START DATA PROVIDED
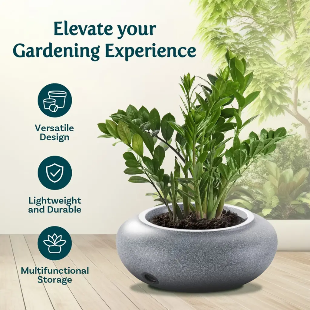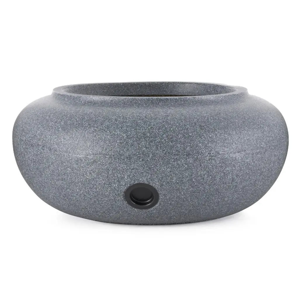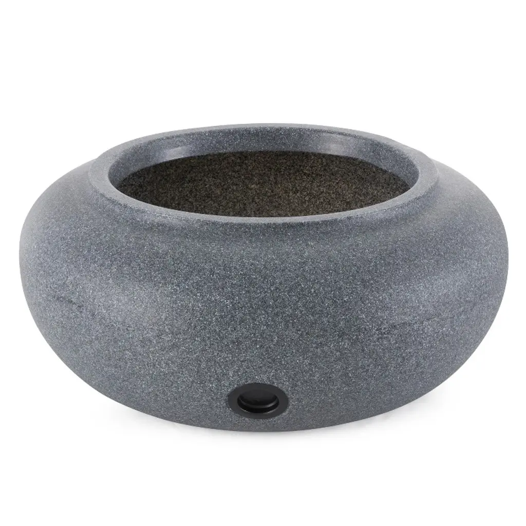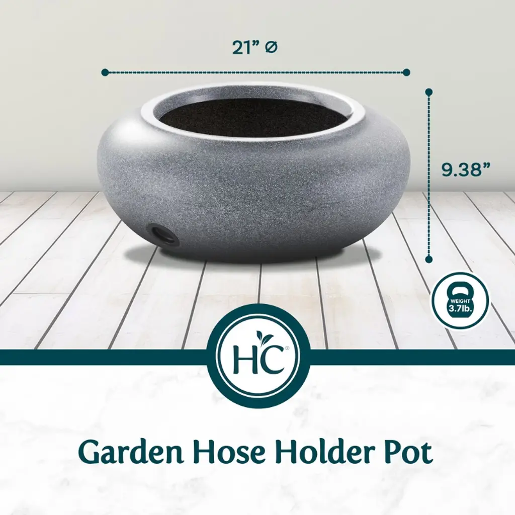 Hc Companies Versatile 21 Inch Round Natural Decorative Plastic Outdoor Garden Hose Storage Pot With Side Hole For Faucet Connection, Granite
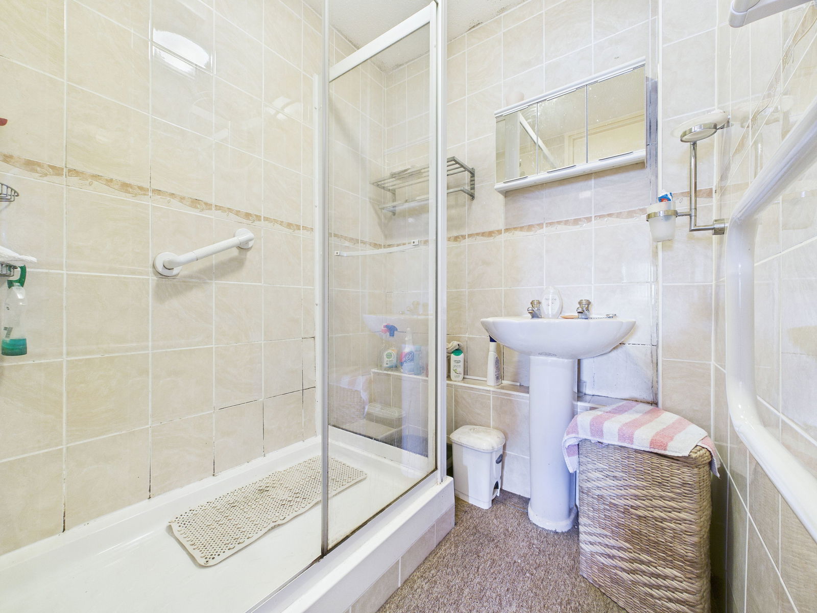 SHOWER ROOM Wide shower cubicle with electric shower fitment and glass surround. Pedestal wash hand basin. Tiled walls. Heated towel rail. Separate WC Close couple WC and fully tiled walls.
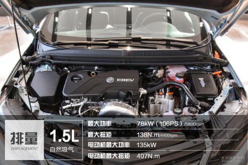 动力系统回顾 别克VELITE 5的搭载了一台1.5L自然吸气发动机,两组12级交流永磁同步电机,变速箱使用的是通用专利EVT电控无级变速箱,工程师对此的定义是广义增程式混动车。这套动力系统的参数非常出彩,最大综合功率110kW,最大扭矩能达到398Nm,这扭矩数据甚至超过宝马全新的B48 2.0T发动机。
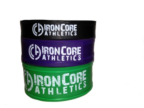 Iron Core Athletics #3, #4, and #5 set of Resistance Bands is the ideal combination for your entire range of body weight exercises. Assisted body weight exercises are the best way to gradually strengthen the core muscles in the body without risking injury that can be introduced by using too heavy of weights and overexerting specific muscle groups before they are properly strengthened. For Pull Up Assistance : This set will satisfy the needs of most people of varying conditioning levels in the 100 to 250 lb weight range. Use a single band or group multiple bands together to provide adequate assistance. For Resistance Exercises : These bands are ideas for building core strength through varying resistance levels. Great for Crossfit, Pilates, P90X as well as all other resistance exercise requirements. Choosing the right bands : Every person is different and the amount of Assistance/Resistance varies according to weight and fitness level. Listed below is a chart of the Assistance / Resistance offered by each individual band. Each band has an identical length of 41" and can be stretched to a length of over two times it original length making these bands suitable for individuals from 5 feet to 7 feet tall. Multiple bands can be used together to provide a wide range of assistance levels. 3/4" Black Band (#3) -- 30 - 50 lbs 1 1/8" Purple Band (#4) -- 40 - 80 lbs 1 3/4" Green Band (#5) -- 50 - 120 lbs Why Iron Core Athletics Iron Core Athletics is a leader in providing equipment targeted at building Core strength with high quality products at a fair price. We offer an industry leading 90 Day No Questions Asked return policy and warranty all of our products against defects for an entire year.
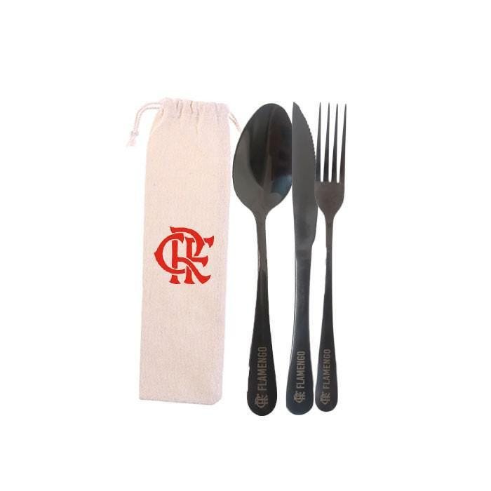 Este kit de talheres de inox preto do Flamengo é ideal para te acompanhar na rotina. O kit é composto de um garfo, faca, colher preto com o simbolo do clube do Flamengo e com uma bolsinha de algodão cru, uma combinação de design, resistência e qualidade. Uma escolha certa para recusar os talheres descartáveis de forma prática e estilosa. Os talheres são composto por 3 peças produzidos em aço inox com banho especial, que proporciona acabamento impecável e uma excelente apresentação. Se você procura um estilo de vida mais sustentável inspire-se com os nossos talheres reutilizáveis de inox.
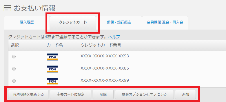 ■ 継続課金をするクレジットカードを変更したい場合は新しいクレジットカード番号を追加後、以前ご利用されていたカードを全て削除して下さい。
END DATA PROVIDED
** ACTIVITY **
This task calls for the records to be copied exactly, without pictures.

** ANSWER TO THIS TASK **
 Hc Companies Versatile 21 Inch Round Natural Decorative Plastic Outdoor Garden Hose Storage Pot With Side Hole For Faucet Connection, Granite
 SHOWER ROOM Wide shower cubicle with electric shower fitment and glass surround. Pedestal wash hand basin. Tiled walls. Heated towel rail. Separate WC Close couple WC and fully tiled walls.
 动力系统回顾 别克VELITE 5的搭载了一台1.5L自然吸气发动机,两组12级交流永磁同步电机,变速箱使用的是通用专利EVT电控无级变速箱,工程师对此的定义是广义增程式混动车。这套动力系统的参数非常出彩,最大综合功率110kW,最大扭矩能达到398Nm,这扭矩数据甚至超过宝马全新的B48 2.0T发动机。
 Iron Core Athletics #3, #4, and #5 set of Resistance Bands is the ideal combination for your entire range of body weight exercises. Assisted body weight exercises are the best way to gradually strengthen the core muscles in the body without risking injury that can be introduced by using too heavy of weights and overexerting specific muscle groups before they are properly strengthened. For Pull Up Assistance : This set will satisfy the needs of most people of varying conditioning levels in the 100 to 250 lb weight range. Use a single band or group multiple bands together to provide adequate assistance. For Resistance Exercises : These bands are ideas for building core strength through varying resistance levels. Great for Crossfit, Pilates, P90X as well as all other resistance exercise requirements. Choosing the right bands : Every person is different and the amount of Assistance/Resistance varies according to weight and fitness level. Listed below is a chart of the Assistance / Resistance offered by each individual band. Each band has an identical length of 41" and can be stretched to a length of over two times it original length making these bands suitable for individuals from 5 feet to 7 feet tall. Multiple bands can be used together to provide a wide range of assistance levels. 3/4" Black Band (#3) -- 30 - 50 lbs 1 1/8" Purple Band (#4) -- 40 - 80 lbs 1 3/4" Green Band (#5) -- 50 - 120 lbs Why Iron Core Athletics Iron Core Athletics is a leader in providing equipment targeted at building Core strength with high quality products at a fair price. We offer an industry leading 90 Day No Questions Asked return policy and warranty all of our products against defects for an entire year.
 Este kit de talheres de inox preto do Flamengo é ideal para te acompanhar na rotina. O kit é composto de um garfo, faca, colher preto com o simbolo do clube do Flamengo e com uma bolsinha de algodão cru, uma combinação de design, resistência e qualidade. Uma escolha certa para recusar os talheres descartáveis de forma prática e estilosa. Os talheres são composto por 3 peças produzidos em aço inox com banho especial, que proporciona acabamento impecável e uma excelente apresentação. Se você procura um estilo de vida mais sustentável inspire-se com os nossos talheres reutilizáveis de inox.
 ■ 継続課金をするクレジットカードを変更したい場合は新しいクレジットカード番号を追加後、以前ご利用されていたカードを全て削除して下さい。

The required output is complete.